Table 1: Staging and assessing treatment response.
PD: progressive disease; SD: stable disease; NA: not applicable.
CONCLUSION
The treatment of unresectable FLC remains a significant challenge due to its rarity and the lack of standardized therapeutic options. This case illustrates the potential benefit of a multimodal approach combining TACE, immunotherapy, and anti-angiogenic therapy, achieving prolonged progression-free and overall survival in a real-world setting. To the authors’ knowledge, this represents the first reported case in Mexico utilizing this strategy in FLC.
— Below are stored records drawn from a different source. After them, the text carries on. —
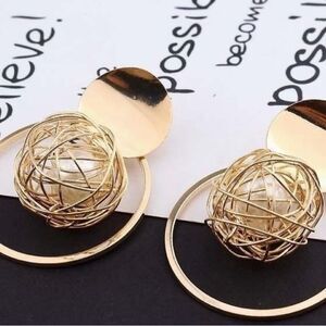 These gold earrings showcase a modern geometric design with a pearl and a distinctive double-circle pattern. The intricate wire sphere within the larger circle adds a touch of architectural elegance, making them a standout accessory.
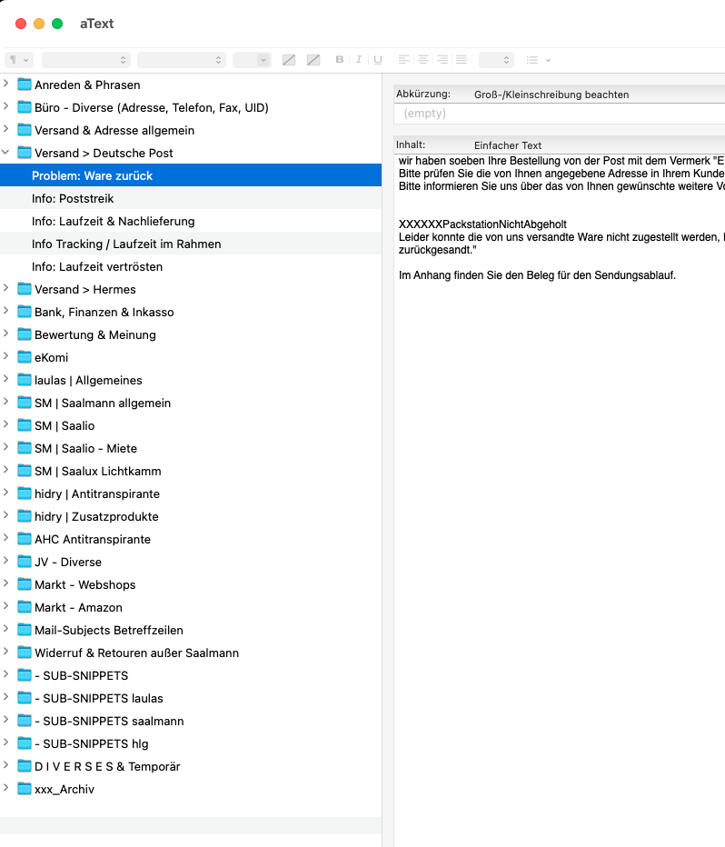 We use Zammad’s knowledge base exclusively internally to manage and provide standard texts for customer support.
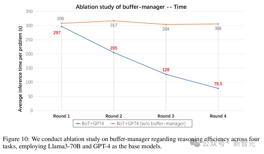 这是因为随着元缓冲区的不断扩展,检索到合适思维模板的可能性也增加。因此,模型可以避免从头构建推理结构,从而相应地提高推理效率。
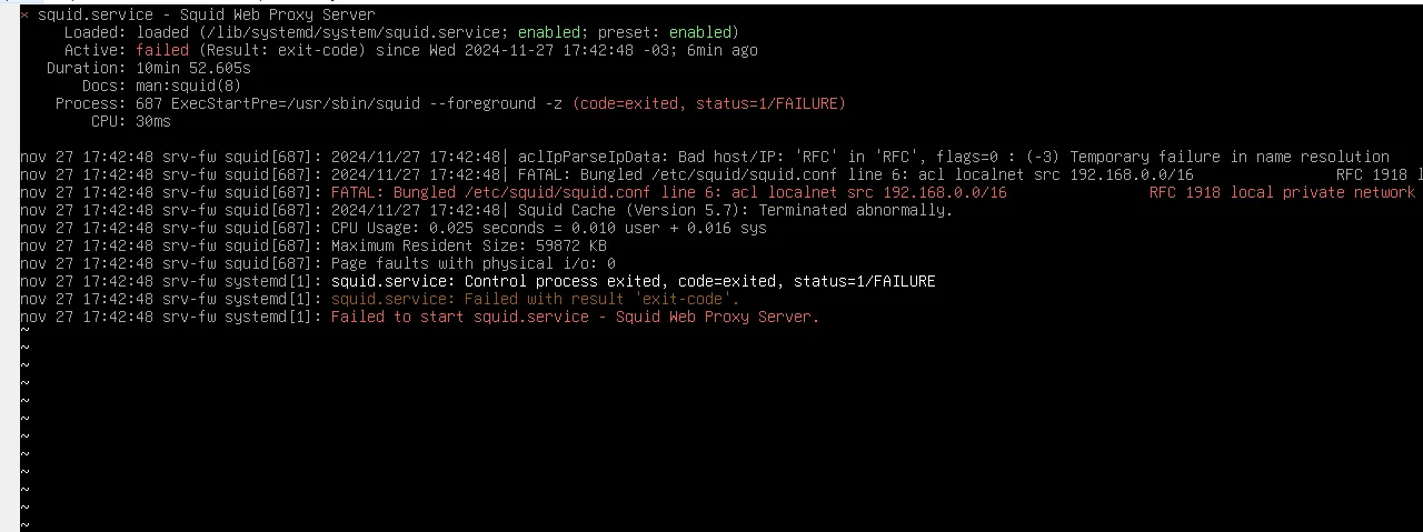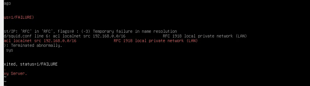 Pelo log que o senhor enviou acima o Squid está sugerindo adicionar regras para lidar com os endereços da RFC 1918 no proxy. Isso pode ser relevante para:
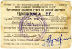 Удостоверение судьи по спорту второй категории Кобзева В.А. (лёгкая атлетика). Московский городской совет Союза спортивных обществ и организаций. 4 июля 1968 года
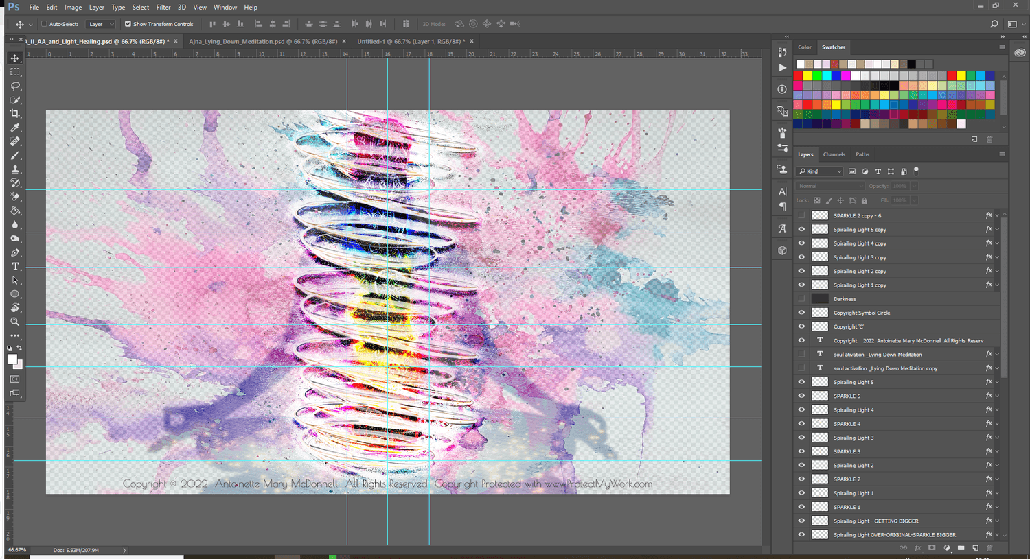 Photoshop production layers — illustrating multi-dimensional light sequencing across the chakra system. Each element was individually composited to build immersive visual depth.

While these results are promising, further research is essential to validate the efficacy of such strategies in larger cohorts. This case underscores the importance of exploring innovative treatment combinations and fostering international collaboration to advance the management of this rare malignancy. Ultimately, improving access to advanced therapies and conducting prospective studies will be critical to better address the needs of patients with FLC.63.